━━ PROVIDED ENTRIES ━━

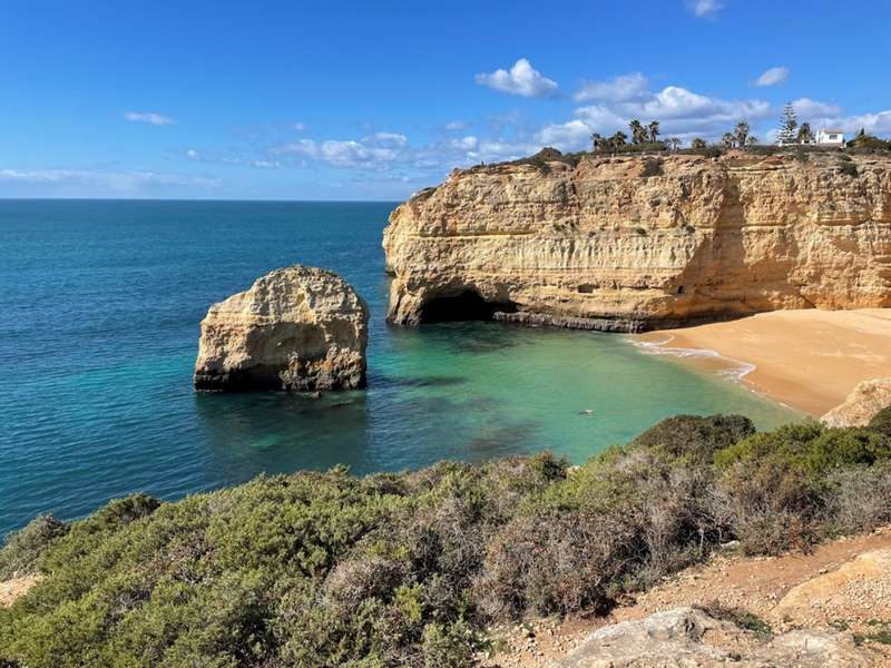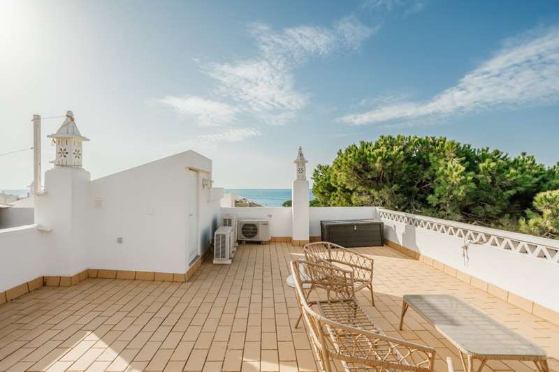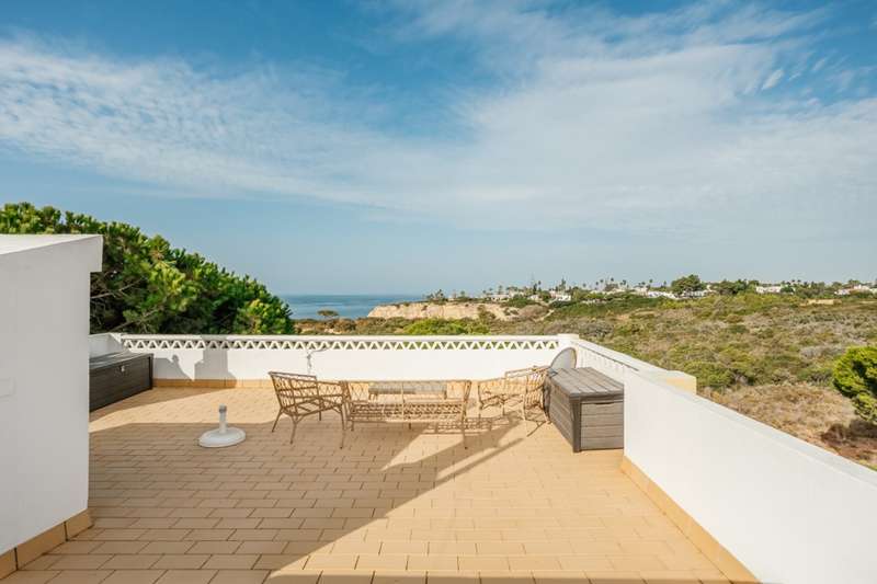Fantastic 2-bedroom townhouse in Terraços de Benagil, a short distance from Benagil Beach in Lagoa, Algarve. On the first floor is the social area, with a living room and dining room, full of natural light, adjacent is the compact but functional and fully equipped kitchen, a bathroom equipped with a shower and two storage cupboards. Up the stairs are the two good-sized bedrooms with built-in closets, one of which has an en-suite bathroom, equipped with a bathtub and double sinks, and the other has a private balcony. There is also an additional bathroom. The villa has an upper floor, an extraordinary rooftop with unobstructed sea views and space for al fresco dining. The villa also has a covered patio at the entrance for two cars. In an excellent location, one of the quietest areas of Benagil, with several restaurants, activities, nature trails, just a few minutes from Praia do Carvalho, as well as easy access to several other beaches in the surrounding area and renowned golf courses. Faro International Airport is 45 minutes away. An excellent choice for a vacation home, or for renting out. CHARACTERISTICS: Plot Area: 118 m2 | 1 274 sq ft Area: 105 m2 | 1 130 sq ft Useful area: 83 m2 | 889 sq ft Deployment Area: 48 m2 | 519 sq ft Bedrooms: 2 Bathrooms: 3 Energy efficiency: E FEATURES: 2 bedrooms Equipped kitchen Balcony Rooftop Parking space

━━━
━━ PROVIDED ENTRIES ━━

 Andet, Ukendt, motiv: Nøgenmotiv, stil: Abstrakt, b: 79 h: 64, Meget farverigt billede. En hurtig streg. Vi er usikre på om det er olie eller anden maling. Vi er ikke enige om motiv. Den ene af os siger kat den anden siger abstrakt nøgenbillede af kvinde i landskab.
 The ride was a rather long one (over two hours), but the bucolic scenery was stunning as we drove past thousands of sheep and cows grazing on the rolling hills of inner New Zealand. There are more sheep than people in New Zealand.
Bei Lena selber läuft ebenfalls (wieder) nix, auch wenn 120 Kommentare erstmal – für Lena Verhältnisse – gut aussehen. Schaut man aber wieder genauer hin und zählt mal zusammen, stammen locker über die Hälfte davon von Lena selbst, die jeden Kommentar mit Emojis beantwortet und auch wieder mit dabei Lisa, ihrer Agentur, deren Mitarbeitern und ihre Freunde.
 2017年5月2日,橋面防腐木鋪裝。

━━━
━━ PROVIDED ENTRIES ━━

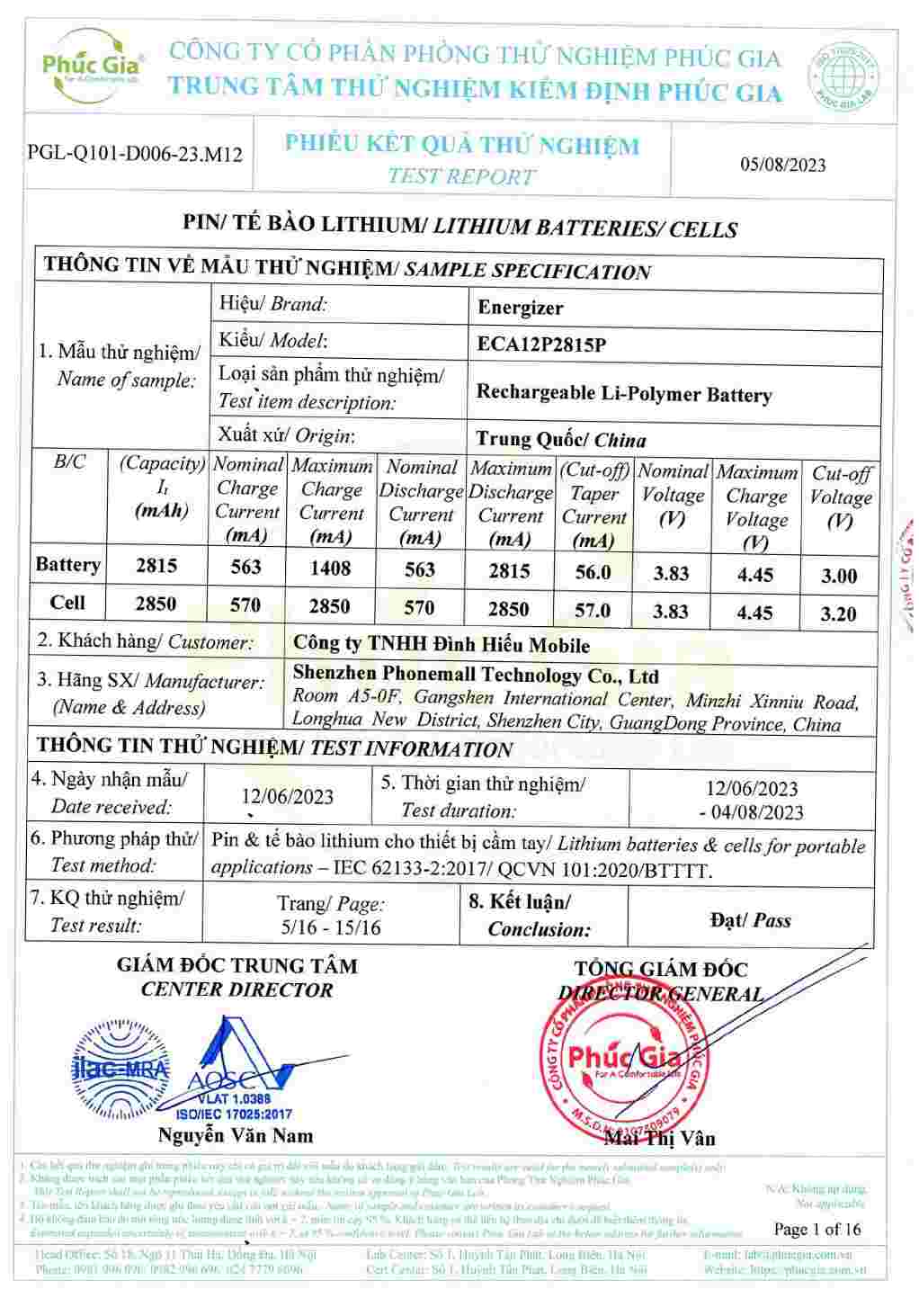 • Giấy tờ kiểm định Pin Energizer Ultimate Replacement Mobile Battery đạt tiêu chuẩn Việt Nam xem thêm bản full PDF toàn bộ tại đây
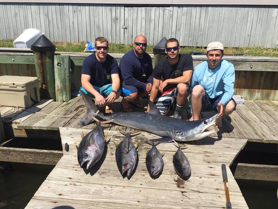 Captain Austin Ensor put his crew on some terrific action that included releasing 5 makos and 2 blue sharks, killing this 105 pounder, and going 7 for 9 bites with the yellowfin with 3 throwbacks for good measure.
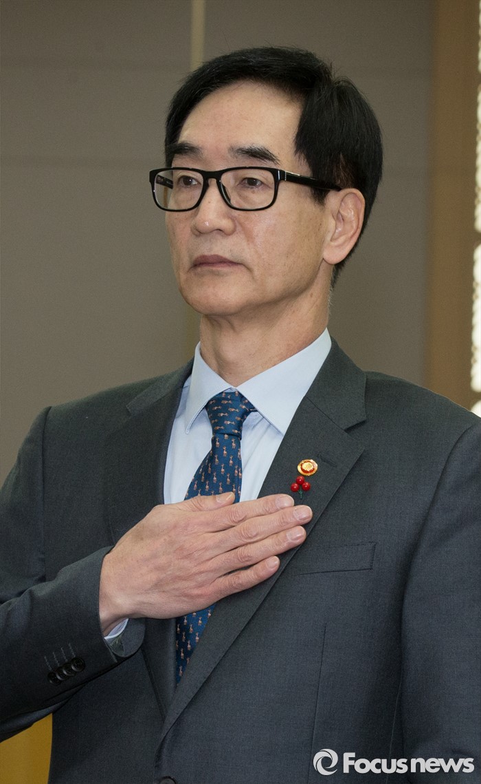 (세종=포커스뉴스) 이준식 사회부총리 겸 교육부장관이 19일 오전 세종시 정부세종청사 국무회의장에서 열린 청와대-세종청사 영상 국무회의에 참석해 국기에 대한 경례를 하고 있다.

━━━

→ **WHAT YOU ARE ASKED TO DO**: Could you write out, exactly as they stand, only the lines above that begin at the line with "The ride was" and stop after the line with "2017年5月2日,橋面防腐木鋪裝。"?

→ **RESPONSE BELOW**:
 The ride was a rather long one (over two hours), but the bucolic scenery was stunning as we drove past thousands of sheep and cows grazing on the rolling hills of inner New Zealand. There are more sheep than people in New Zealand.
Bei Lena selber läuft ebenfalls (wieder) nix, auch wenn 120 Kommentare erstmal – für Lena Verhältnisse – gut aussehen. Schaut man aber wieder genauer hin und zählt mal zusammen, stammen locker über die Hälfte davon von Lena selbst, die jeden Kommentar mit Emojis beantwortet und auch wieder mit dabei Lisa, ihrer Agentur, deren Mitarbeitern und ihre Freunde.
 2017年5月2日,橋面防腐木鋪裝。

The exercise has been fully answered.